| Task item |
Retype the line where "Dessert - Cinnamon" appears and each line that follows it down to the last line of the records below. Leave the pictures out.

| Stored data entries |
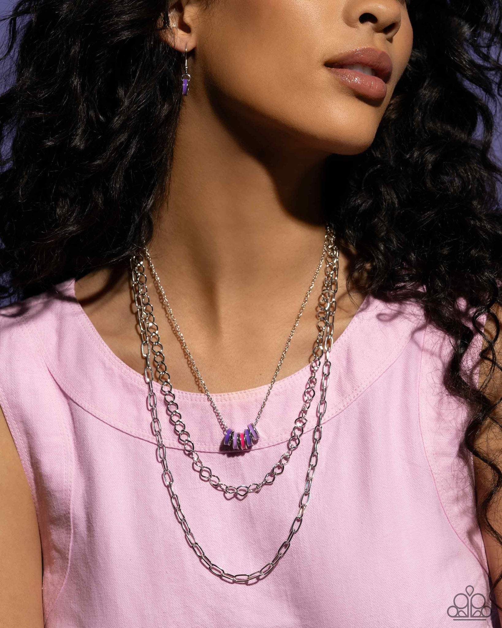 Three mismatched silver chains cascade and layer along the neckline for a sleek look. Strung along the uppermost dainty silver chain, a collection of hot pink, lavender, and purple-painted silver rings add an optimistic splash of color to the look. Features an adjustable clasp closure.
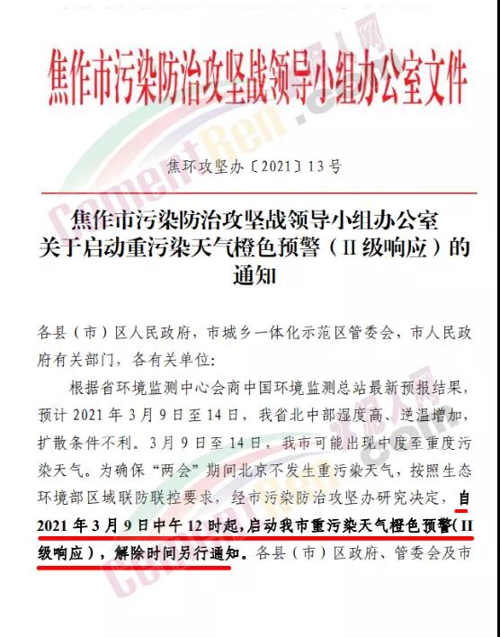 焦件市污染防治攻堅戰(zhàn)領(lǐng)導小組辦公室文件發(fā)布《焦作市污染防治攻堅戰(zhàn)領(lǐng)導小組辦公室關(guān)于啟動重污染天氣橙色預警(Ⅱ級響應)的通知》稱自2021年3月9日中午12時起,啟動焦作市重污染天氣橙色預警(Ⅱ級響應),解除時間另行通知。
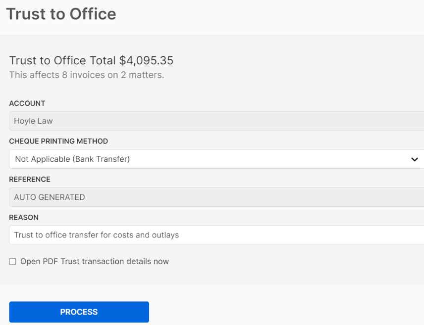 Once the PAY button has been clicked, a Trust to Office window appears with a summary of the transaction including the total amount and the number of invoices and matters affected.
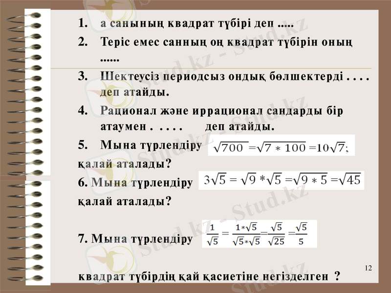 Кейбірі: Көбейткішті квадрат түбірдің таңбасының алдына шығарып амалдарды орындай біледі .
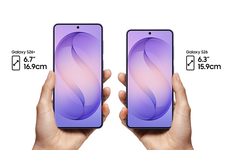A. Galaxy S26 and S26+ are similar models in features, design and performance, with the difference being that Galaxy S26+ has a bigger display and a larger battery capacity than Galaxy S26.<br> • Galaxy S26+ has a 6.7-inch display and a typical battery capacity of 4900 mAh.<br> • Galaxy S26 has a 6.3-inch display and a typical battery capacity of 4300 mAh.<br> <br> *Measured diagonally, Galaxy S26's screen size is 6.3” in the full rectangle and 6.1” accounting for the rounded corners, and Galaxy S26+'s screen size is 6.7” in the full rectangle and 6.5” accounting for the rounded corners; actual viewable area is less due to the rounded corners and camera hole.<br> *Typical value tested under third-party laboratory condition. Typical value is the estimated average value considering the deviation in battery capacity among the battery samples tested under IEC 61960 standard. Rated capacity is 4175 mAh for Galaxy S26 and 4755 mAh for Galaxy S26+.
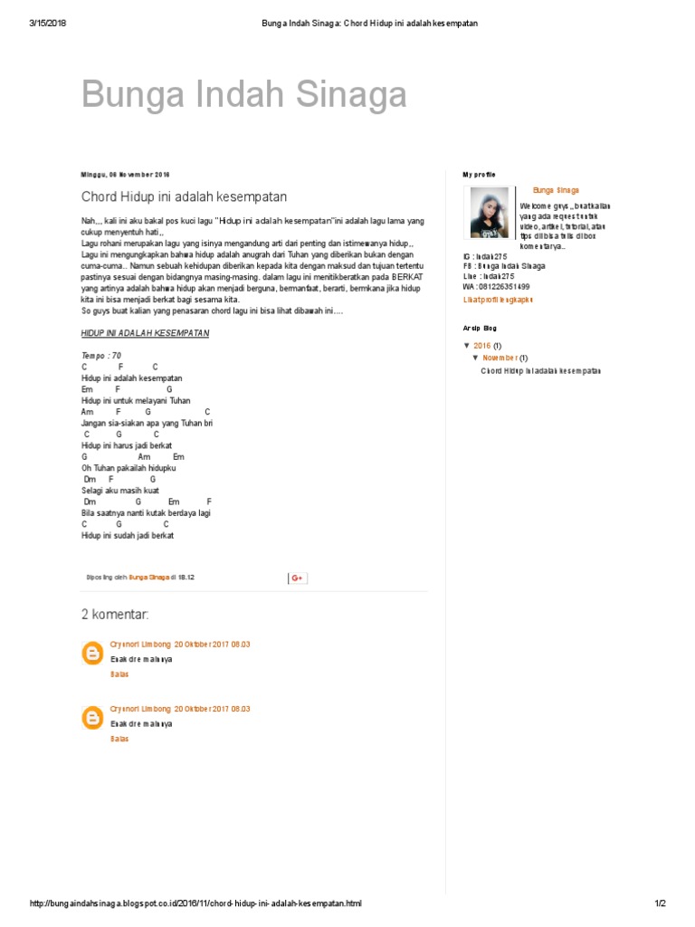 Chord Gitar Hidup Ini Adalah Kesempatan - Lagu Rohani Kristen …
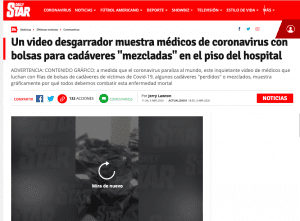 No sé yo el Daily Star…esas mismas imágenes se han atribuido a distintos hospitales de Madrid, Barcelona y Nueva YorK. Finalmente y analizando lo que se escucha por la megafonía (poniendo cuidado no parece una entonación española) han situado las imagenes en Guayaquil (Ecuador). Se escucha Hospital General del Norte.
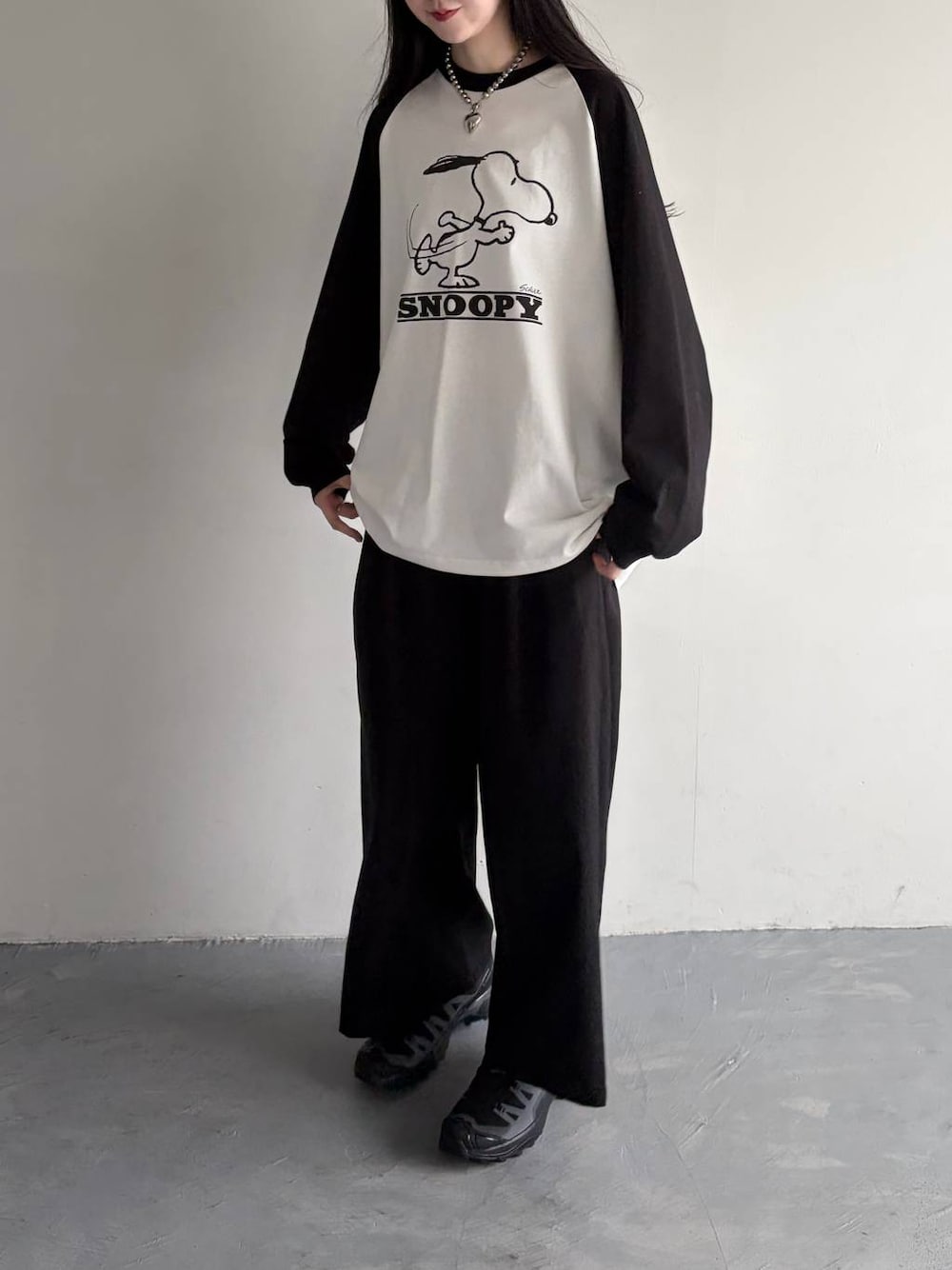 SNOOPY別注アイテムのラグランT🫧 カジュアルにワイドパンツと合わせました✨
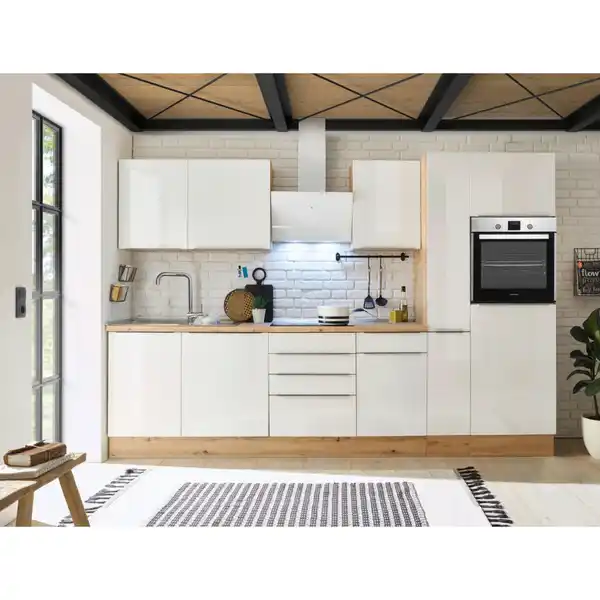 Respekta Küchenblock Marleen, Eiche Artisan, Weiß Hochglanz, Kunststoff, 1 Schublade(n),4 Schublade(n) Schubladen, links montierbar, rechts montierbar, nur wie online abgebildet bestellbar, 310 cm,
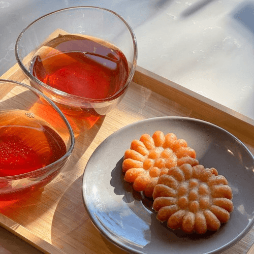 Dessert - Cinnamon Punch (SuJeongGwa) with honey cookies (Yakgwa) SuJeongGwa is a Korean traditional cinnamon punch. Made from cinnamon, sugar, water and ginger
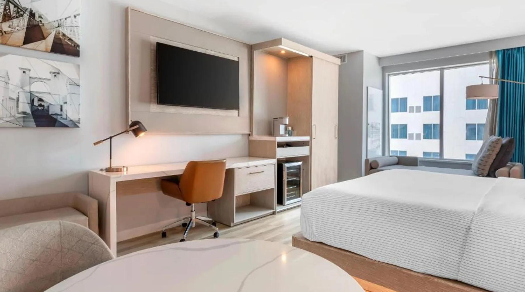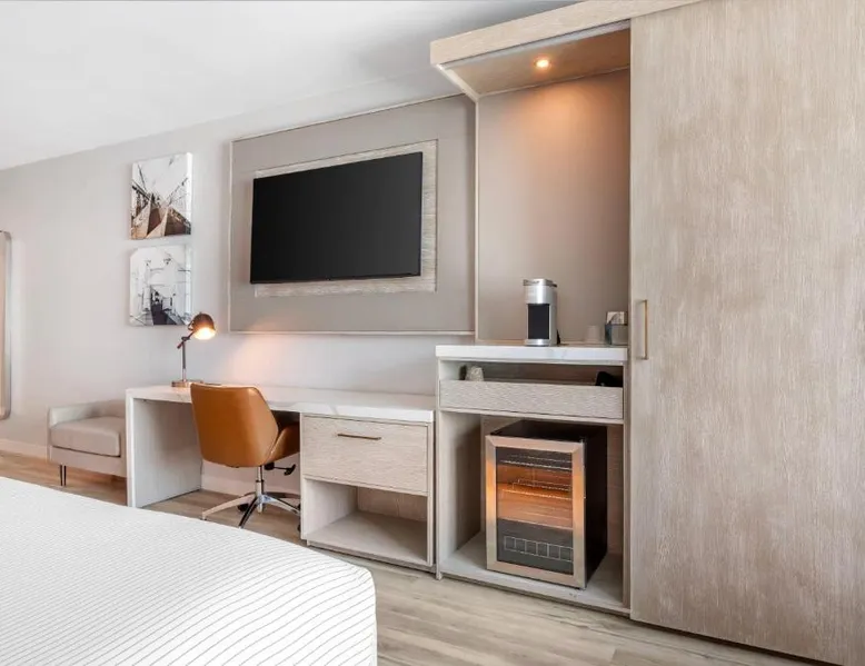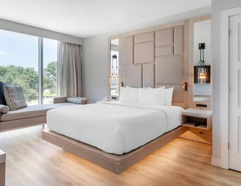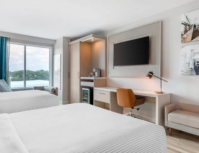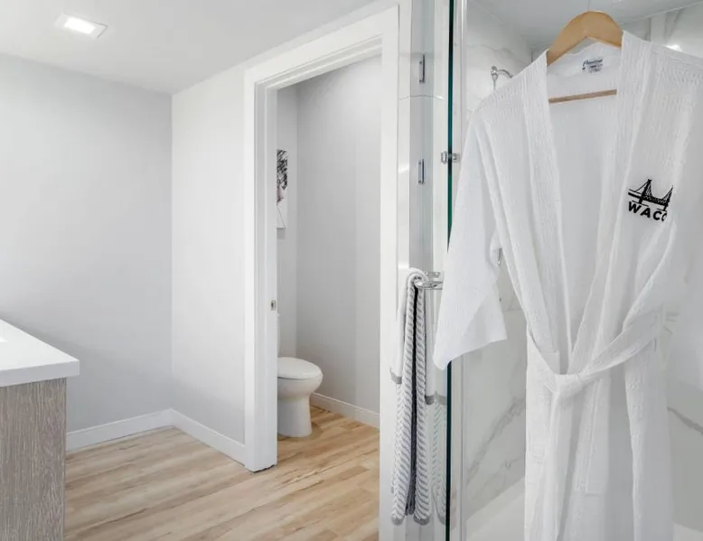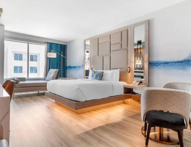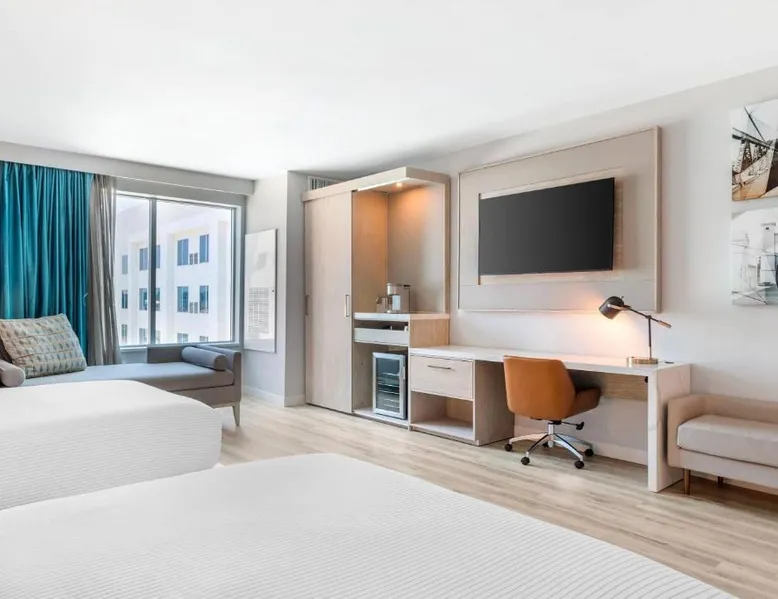 Comfortable Accommodations: Cambria Hotel Waco University Riverfront in Waco offers family rooms with kitchenettes, bathrobes, and free WiFi. Each room includes a work desk, mini-bar, and seating area. Dining and Leisure: Guests can enjoy an à la carte breakfast, lunch, and dinner at the on-site restaurant serving American cuisine. The hotel features a fitness center, seasonal outdoor swimming pool, and bar. Convenient Location: Located 7.5 mi from Waco Regional Airport, the hotel is a 7-minute walk from Waco Convention Center and 1.1 mi from McLane Stadium. Nearby attractions include the Texas Ranger Hall Of Fame And Museum and Studio Gallery. Guest Services: The hotel offers a fitness room, 24-hour front desk, minimarket, daily housekeeping, business area, outdoor seating, live music, and room service. Free on-site private parking is available. The suite's kitchenette, which features a refrigerator and a microwave, is available for cooking and storing food. The suite is furnished with a desk and a seating area and offers a mini-bar and a tea and coffee maker. The unit offers 1 bed.
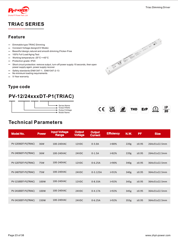 PV-12100DT-P1(TRIAC)/PV-24100DT-P1(TRIAC)Numéro de Type

| Solution |
 Dessert - Cinnamon Punch (SuJeongGwa) with honey cookies (Yakgwa) SuJeongGwa is a Korean traditional cinnamon punch. Made from cinnamon, sugar, water and ginger
 Comfortable Accommodations: Cambria Hotel Waco University Riverfront in Waco offers family rooms with kitchenettes, bathrobes, and free WiFi. Each room includes a work desk, mini-bar, and seating area. Dining and Leisure: Guests can enjoy an à la carte breakfast, lunch, and dinner at the on-site restaurant serving American cuisine. The hotel features a fitness center, seasonal outdoor swimming pool, and bar. Convenient Location: Located 7.5 mi from Waco Regional Airport, the hotel is a 7-minute walk from Waco Convention Center and 1.1 mi from McLane Stadium. Nearby attractions include the Texas Ranger Hall Of Fame And Museum and Studio Gallery. Guest Services: The hotel offers a fitness room, 24-hour front desk, minimarket, daily housekeeping, business area, outdoor seating, live music, and room service. Free on-site private parking is available. The suite's kitchenette, which features a refrigerator and a microwave, is available for cooking and storing food. The suite is furnished with a desk and a seating area and offers a mini-bar and a tea and coffee maker. The unit offers 1 bed.
 PV-12100DT-P1(TRIAC)/PV-24100DT-P1(TRIAC)Numéro de Type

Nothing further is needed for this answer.